── Given entries

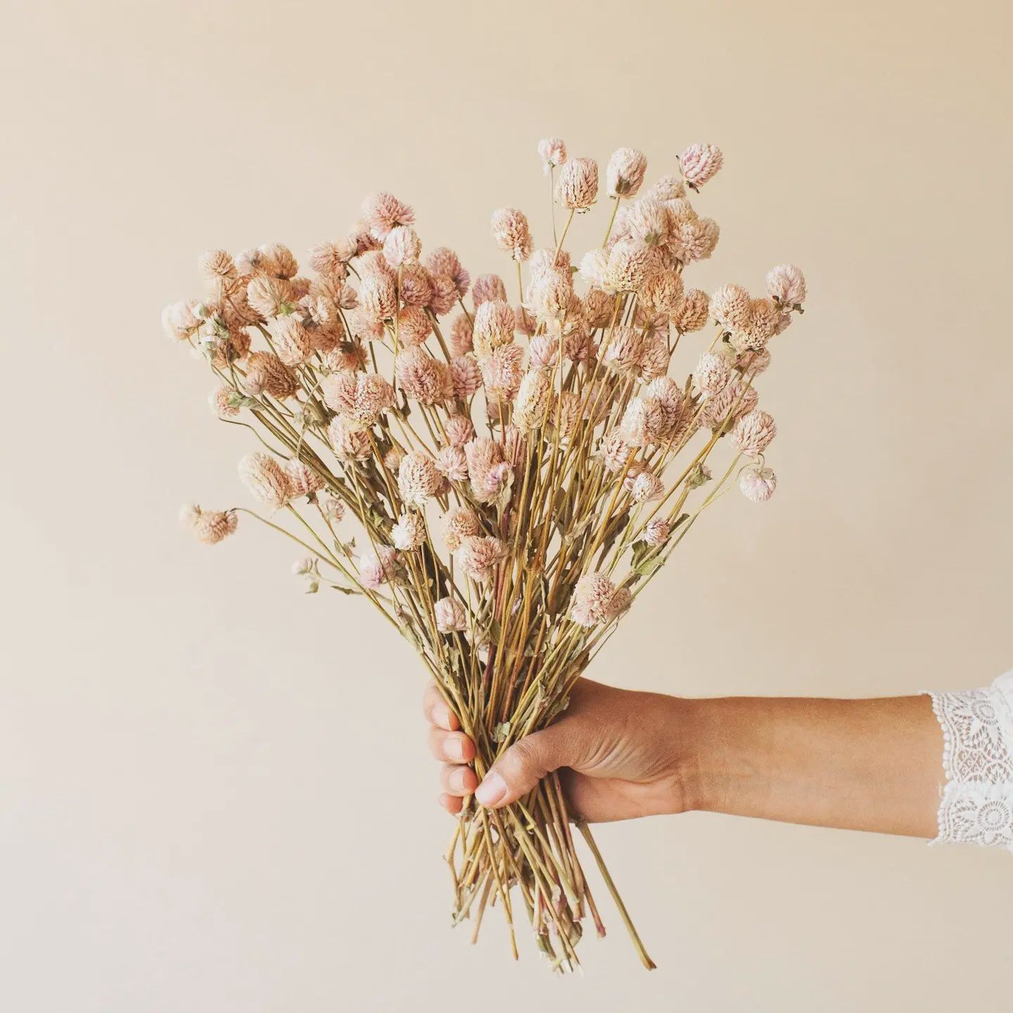 Pretty in pink, the Blush Globe Amaranth is the perfect way to add a splash of color and texture to any arrangement. Grown in the USA. 14-16" Tall Elevate your space with the timeless beauty of our dried flowers from Idlewild Floral Co. Each dried flower bouquet is meticulously crafted, featuring an array of vibrant floral stems that have been picked at their peak and expertly preserved. Ideal for those seeking long-lasting elegance, our preserved flowers are perfect for any decor style.
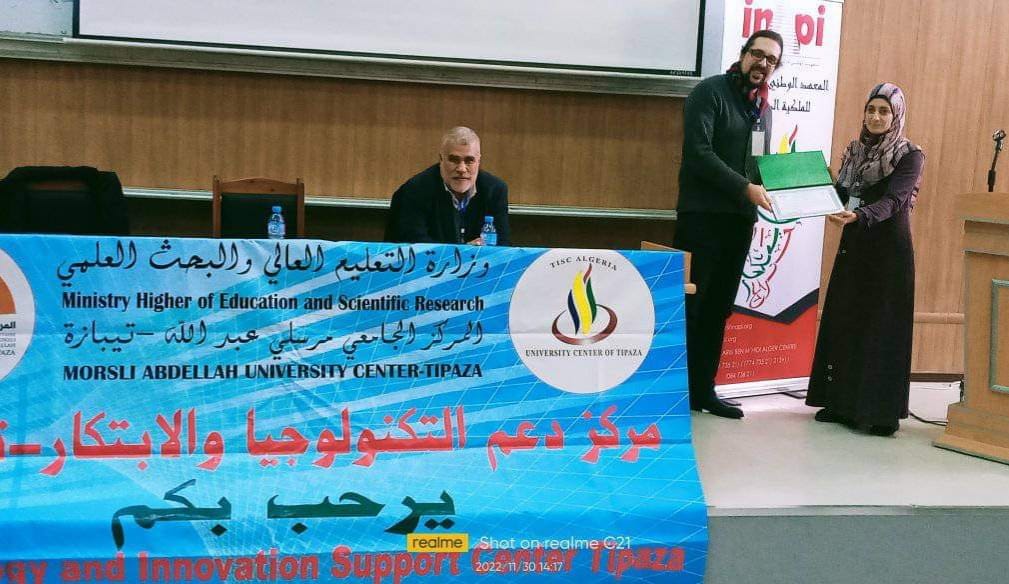 نظم مركز دعم التكنولوجيا والابتكار بالمركز الجامعي مرسلي عبد الله-تيبازة بالتنسيق مع المعهد الوطني الجزائري للملكية الصناعية يوم الأربعاء 30 نوفمبر 2022 ابتداء من الساعة 09:00 صباحا يوم تحسيسي حول أهمية حماية المشاريع الابتكارية و لابل المؤسسة الناشئة، و الطريقة الصحيحة لإيداع ملف براءة الاختراع و تسجيلها بالمعهد الوطني الجزائري للملكية الصناعية،بالإضافة إلى الدورة التكوينية لحاملي المشاريع تم تطرق إلى المراحل الأساسية من ناحية براءة الاختراع للقرار الوزاري 1275 حول شهادة مؤسسة ناشئة/شهادة براءة الاختراع،و كيفية حماية وتسجيل العلامة التجارية للمؤسسة،،أين برمجت مداخلتين:
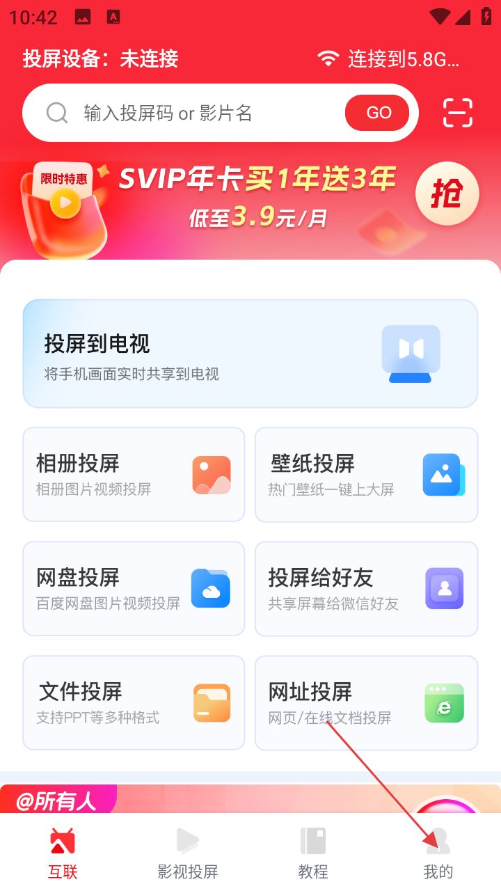 1、打开乐播投屏APP,进入主界面后,点击底部导航栏中的【我的】选项。
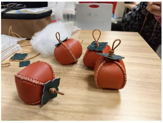 在老师的示范带领下,大家完成了柿子主体缝制,随后搭配上叶子,并将填充棉均匀地塞入主体中,再做好收口步骤。随着时间的推移,一个个活灵活现的柿子诞生了。“看,我做的这个,像不像真的柿子?”杨阿姨举起自己的“杰作”展示给大家;旁边的周叔叔不甘示弱:“看我的缝线,是不是更扎实!”
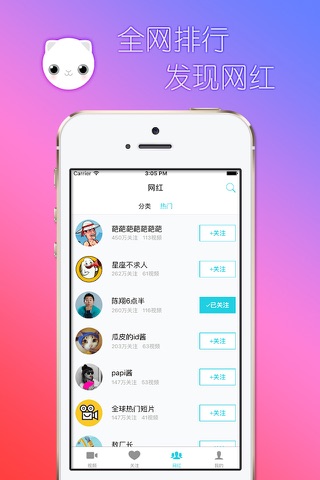 一款app,无需注册,一键关注对应网红.网红更新即时推送.不错过任何一个网红视频

────

** Exercise instructions **
Give back the material exactly as written, from its first line to the line that contains "1、打开乐播投屏APP,进入主界面后,点击底部导航栏中的【我的】选项。", and leave out the pictures.

** Answer section **
 Pretty in pink, the Blush Globe Amaranth is the perfect way to add a splash of color and texture to any arrangement. Grown in the USA. 14-16" Tall Elevate your space with the timeless beauty of our dried flowers from Idlewild Floral Co. Each dried flower bouquet is meticulously crafted, featuring an array of vibrant floral stems that have been picked at their peak and expertly preserved. Ideal for those seeking long-lasting elegance, our preserved flowers are perfect for any decor style.
 نظم مركز دعم التكنولوجيا والابتكار بالمركز الجامعي مرسلي عبد الله-تيبازة بالتنسيق مع المعهد الوطني الجزائري للملكية الصناعية يوم الأربعاء 30 نوفمبر 2022 ابتداء من الساعة 09:00 صباحا يوم تحسيسي حول أهمية حماية المشاريع الابتكارية و لابل المؤسسة الناشئة، و الطريقة الصحيحة لإيداع ملف براءة الاختراع و تسجيلها بالمعهد الوطني الجزائري للملكية الصناعية،بالإضافة إلى الدورة التكوينية لحاملي المشاريع تم تطرق إلى المراحل الأساسية من ناحية براءة الاختراع للقرار الوزاري 1275 حول شهادة مؤسسة ناشئة/شهادة براءة الاختراع،و كيفية حماية وتسجيل العلامة التجارية للمؤسسة،،أين برمجت مداخلتين:
 1、打开乐播投屏APP,进入主界面后,点击底部导航栏中的【我的】选项。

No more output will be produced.